Лев Львович, сперва его не признавший, после очередной встречи в легендарном университетском коридоре вспомнил полузабытые черты: тот, заметив, что узнан, осклабился: «Привет, соня» – и пробежал мимо. В ближайшие же недели Рундальцов постепенно стал замечать, что вокруг него как бы образуется дополнительное пустое место: в частности, при лабораторных занятиях, где студентам положено было действовать парами, ему все труднее было подобрать себе товарища. Также и на лекциях: даже когда читали самые популярные профессора и в большой аудитории слушатели стояли в проходах и сидели на полу перед первым рядом скамей, рядом с Рундальцовым с двух сторон обязательно оставалась пустота. Он, хоть и не слишком чувствительный к чужим мнениям о себе, не мог не заметить искоса бросаемых на него взглядов (причем зачастую и вовсе незнакомых людей) или пущенного вскользь шепотка, стихающего при его приближении.

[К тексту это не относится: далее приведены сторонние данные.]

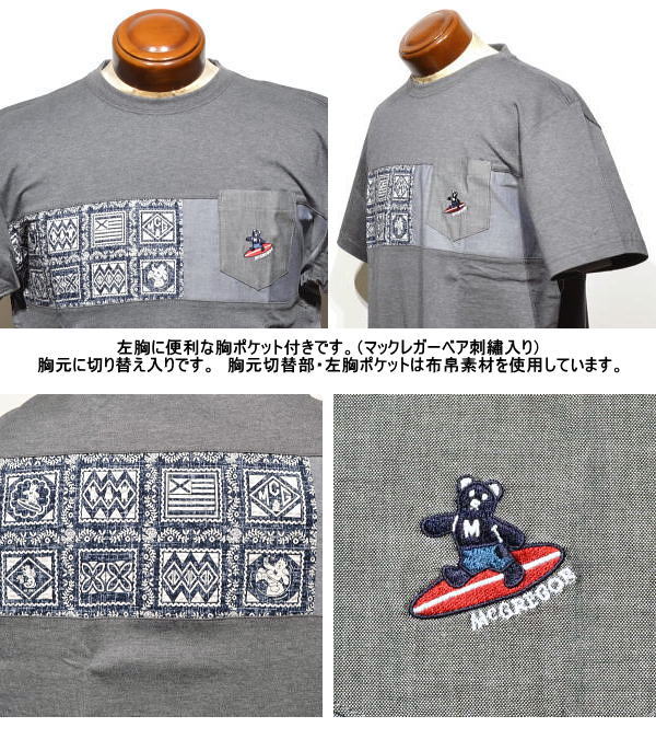| マクレガー メンズ Tシャツ 111725404 手洗い可 布帛素材部分使い クルーネックTシャツ McGREGOR |
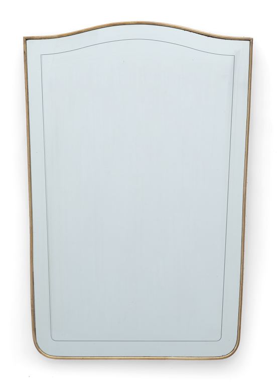 UNO SPECCHIO DA PARETE, anni '50. Ottone, cristallo argentato. Cm 82 x 52.

Разгадка пришла с неожиданной стороны: от квартирной хозяйки, которая, давно сдавая комнаты студентам, обзавелась по необходимости самыми причудливыми знакомствами. Постучав однажды вечером в дверь его комнаты (к немалому изумлению постояльца), она попросила уделить ей полчаса для конфиденциального разговора. Конечно, он согласился, продолжая недоумевать и даже, кажется, заподозрив, что здесь замешан какой-то амурный интерес: хозяйка была еще не старой, явно одинокой, а Рундальцов, как и многие молодые мужчины определенного склада ума, склонен был считать себя неотразимым. С первых же ее слов стало понятно, что об амурах, по крайней мере сегодня, речь не зайдет и близко. Дама эта получила совершенно точные сведения, что приехавший из Кишинева юнец широко распространяет в студенческих кругах самые соблазнительные сведения о Рундальцове, недвусмысленно называя его провокатором и полицейским агентом, внедренным в ученическую среду ради наблюдений над нею, и, более того, побуждает руководство социал-демократической студенческой организации казнить Льва Львовича, причем сделать это максимально демонстративно, чтобы, как он выражался, «преподать другим иудам урок на будущее».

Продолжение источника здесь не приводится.